Task statement.
Retype the listing below line for line, but only from the line with "その結果、南端の先島諸島(西" down to the line with "Послушаем миф и", inclusive. Pictures stay out.

Source data.
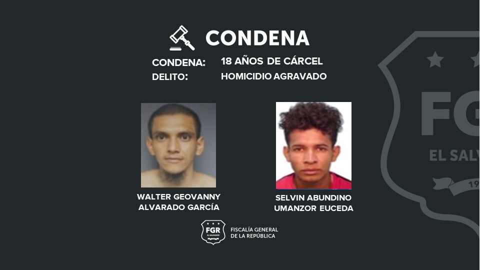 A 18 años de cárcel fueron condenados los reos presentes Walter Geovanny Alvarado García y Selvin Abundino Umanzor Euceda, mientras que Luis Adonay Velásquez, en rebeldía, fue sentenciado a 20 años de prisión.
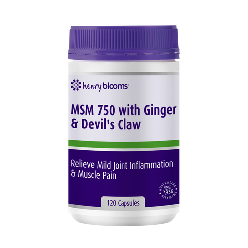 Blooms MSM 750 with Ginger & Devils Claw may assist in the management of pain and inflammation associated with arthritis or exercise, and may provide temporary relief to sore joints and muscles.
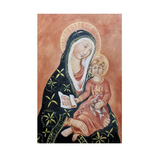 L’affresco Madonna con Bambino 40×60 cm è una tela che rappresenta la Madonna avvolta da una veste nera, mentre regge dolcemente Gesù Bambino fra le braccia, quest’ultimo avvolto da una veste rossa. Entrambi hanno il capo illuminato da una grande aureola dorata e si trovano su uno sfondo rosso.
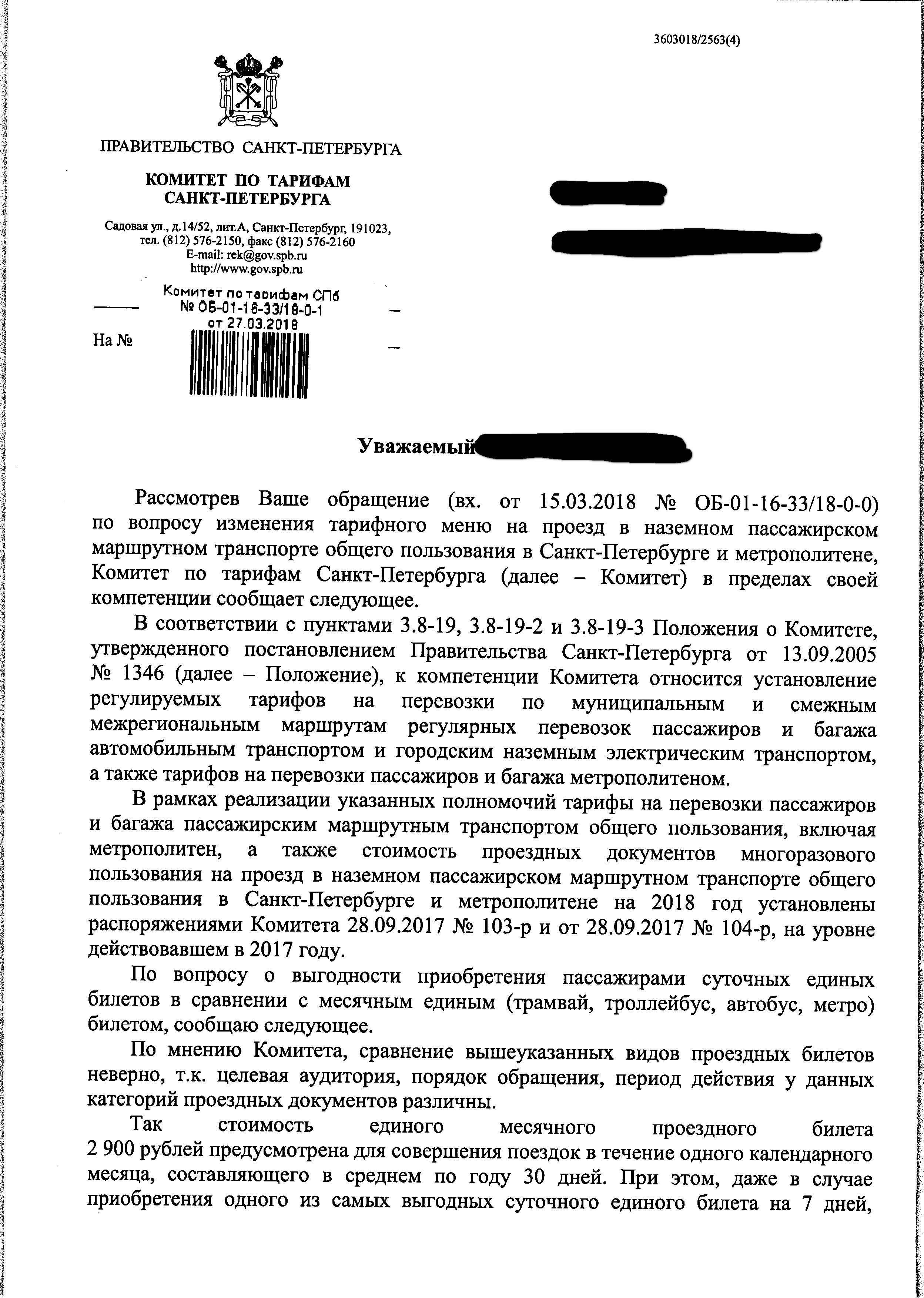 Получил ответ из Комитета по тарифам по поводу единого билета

...

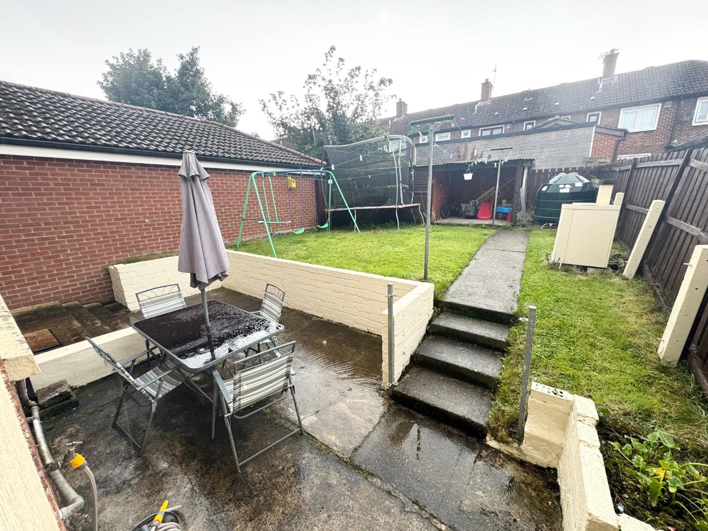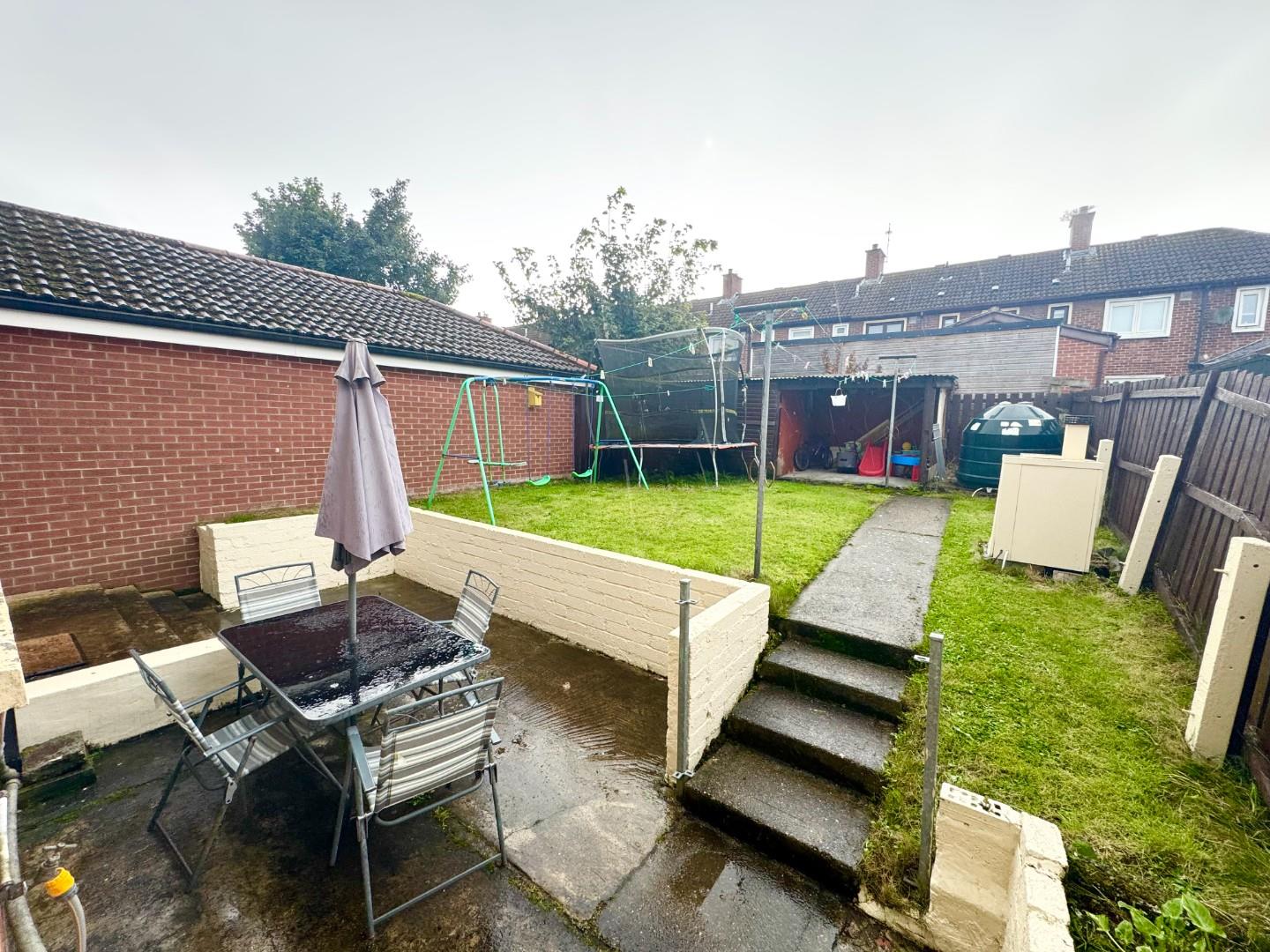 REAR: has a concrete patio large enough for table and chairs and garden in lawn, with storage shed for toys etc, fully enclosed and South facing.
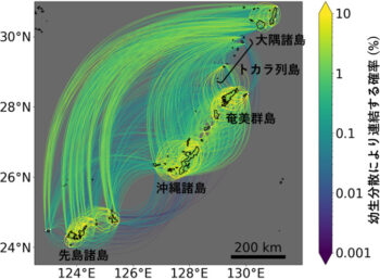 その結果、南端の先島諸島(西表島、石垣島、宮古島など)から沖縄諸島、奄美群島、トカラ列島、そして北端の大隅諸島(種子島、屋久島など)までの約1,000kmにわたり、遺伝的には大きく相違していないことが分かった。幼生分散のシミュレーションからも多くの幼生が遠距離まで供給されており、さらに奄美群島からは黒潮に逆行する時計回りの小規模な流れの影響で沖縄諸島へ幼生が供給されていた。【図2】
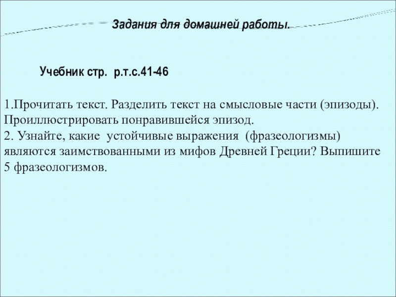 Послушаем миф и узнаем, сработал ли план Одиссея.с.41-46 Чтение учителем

Answer to this problem.
 その結果、南端の先島諸島(西表島、石垣島、宮古島など)から沖縄諸島、奄美群島、トカラ列島、そして北端の大隅諸島(種子島、屋久島など)までの約1,000kmにわたり、遺伝的には大きく相違していないことが分かった。幼生分散のシミュレーションからも多くの幼生が遠距離まで供給されており、さらに奄美群島からは黒潮に逆行する時計回りの小規模な流れの影響で沖縄諸島へ幼生が供給されていた。【図2】
 Послушаем миф и узнаем, сработал ли план Одиссея.с.41-46 Чтение учителем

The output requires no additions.